A share buy-back can be carried out between the company and any shareholder individually (and not necessarily in relation to all shareholders).

Similarly, a share capital reduction is a process governed by the Act which allows funds retained in the capital of a company to be returned to its shareholders. As the process involves reducing a company’s capital, the directors have greater duties to the company, its shareholders, creditors and other stakeholders to ensure that such a process does not affect the solvency of the company. Unlike a share buy-back, a share capital reduction will apply to all shareholders of a company.

Find out more below about when a company would wish to purchase its own shares or carry out a reduction of its shares, the process for each and the pitfalls you should look out for.

There are many reasons why a company would want to carry out a buy-back of its shares or a share capital reduction and each process has its advantages and disadvantages.

The main reasons for carrying out a purchase of own shares include:

  • To exit a shareholder from the company: the most common use for a buy-back is to allow for the purchase of an exiting shareholder’s shares. This may be because the continuing shareholders are unwilling to fund the exit themselves (as it will effectively be paid out of taxed income) or because the price for the shares is too expensive for the continuing shareholders to pay. This allows the continuing shareholders to maintain control of the company in the same proportions that they have without risking the exiting shareholder’s shares being offered to a third party;
  • To return cash to shareholders: companies that hold large amounts of cash whether from accruing retained profits or following the proceeds of sale from the disposal of an asset may want to divest some of it by returning capital to shareholders;
  • To operate an employee incentive scheme: a company that operates an employee share scheme may wish to facilitate the purchase by the company of an employee’s shares when they leave the employment of the company; or
  • To adjust the proportions in which shareholders hold shares: some shareholders may wish to realise part or all of their investment in shares while other shareholders may wish to increase their proportionate shareholding.

A reduction of share capital can be carried out for several reasons. These include:

  • Return surplus capital: if a company has surplus cash or assets it may pay/transfer it direct to its shareholders by cancelling the shares issued to such shareholders;
  • Creating distributable reserves: a company can be prevented from paying out dividends to shareholders where the company has accumulated realised losses, even if it is trading profitably. A reduction of share capital can be used to eliminate such losses and/or increase distributable reserves, enabling the payment of dividends which may be more tax effective to shareholders; or
  • Supporting a share buy-back or redemption: a company wishing to buy-back or redeem shares out of distributable profits may carry out a reduction of share capital to create sufficient distributable profits to carry out the process.

Reductions in share capital may also be used in conjunction with schemes of arrangement as a way of structuring mergers and acquisitions.
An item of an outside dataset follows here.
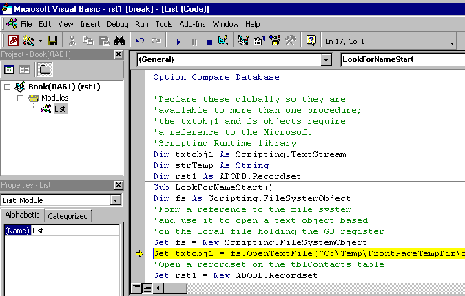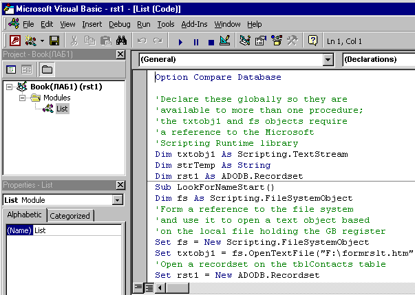 Моя задача состояла в том, чтобы в приложении FrontPage создать гостевую книгу. Затем в приложении Access создать однотабличную базу данных и в модуле Visual Basic набрать и отладить код программ, которые бы считывали данные из гостевой книги в базу данных.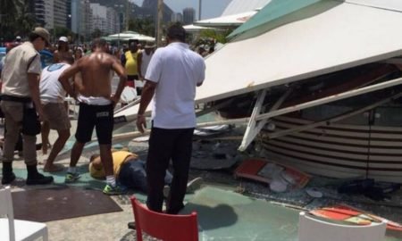 Quatro das vítimas tiveram ferimentos leves e as outras duas foram encaminhadas a hospital com ferimentos moderados A estrutura do teto de...

Are there any pitfalls to watch out for in a share buy-back?

The Taxation Trap

The selling shareholder’s tax position must be considered very carefully before proceeding with a buy-back. Monies paid by a company to an individual to buy-back his or her shares are generally treated as a payment of income unless the transaction is exempt (see below). As the buy-back is treated as income and not a capital payment, Entrepreneur’s Relief may not be available.  Tax advice should be sought on this position.

In order to ensure that the payment is treated as capital and not income (so that Entrepreneur’s Relief may be claimed), the transaction must qualify as an exempt distribution, the following conditions (some of which have complicated formulae and requirements) have to be met:

  • The company must be an unquoted trading company;
  • The purpose of the buy-back must be to benefit a trade carried on by the company or to discharge an inheritance tax liability on death to avoid causing undue hardship;
  • The selling shareholder must be resident in the UK and the shares must have been owned by him/her (or his/her spouse) for five years before the buy-back (or three years where the shareholder has died);
  • The interest and right to share in profits of the shareholder must be “substantially reduced”; and
  • Immediately after the sale, the shareholder must not be connected with the company.

Failure to follow the procedure correctly

Restrictions are imposed on companies buying back their shares under the Act in order to protect creditors. The procedure to effect a purchase of own shares must therefore be followed strictly. If the relevant part of the Act is contravened the transaction will be void and an offence will be committed by the company and every officer in default

Payment by instalments?

Exiting shareholders may need to sell all of their shares in one go to preserve their claim for Entrepreneur’s Relief or majority shareholders may seek to acquire all the shares of a minority shareholder in order to gain complete control of the company. However, the company may not have sufficient funds to purchase all of the shares at the agreed price in one transaction.

For this reason payment of the purchase price for the shares by instalments would be useful, however, under the Act the shares must be paid for at the time they are purchased (unless the buy-back is for the purposes of or pursuant to an employee share scheme). An alternative structure would need to be used (see below) if there are insufficient funds to buy-back all of the shares at the agreed price.

What are the alternatives to carrying out a buy-back?

This will depend on what the company and shareholders wish to achieve. If the company wants to return surplus cash to shareholders, it could consider declaring a special dividend or reducing its share capital (see below).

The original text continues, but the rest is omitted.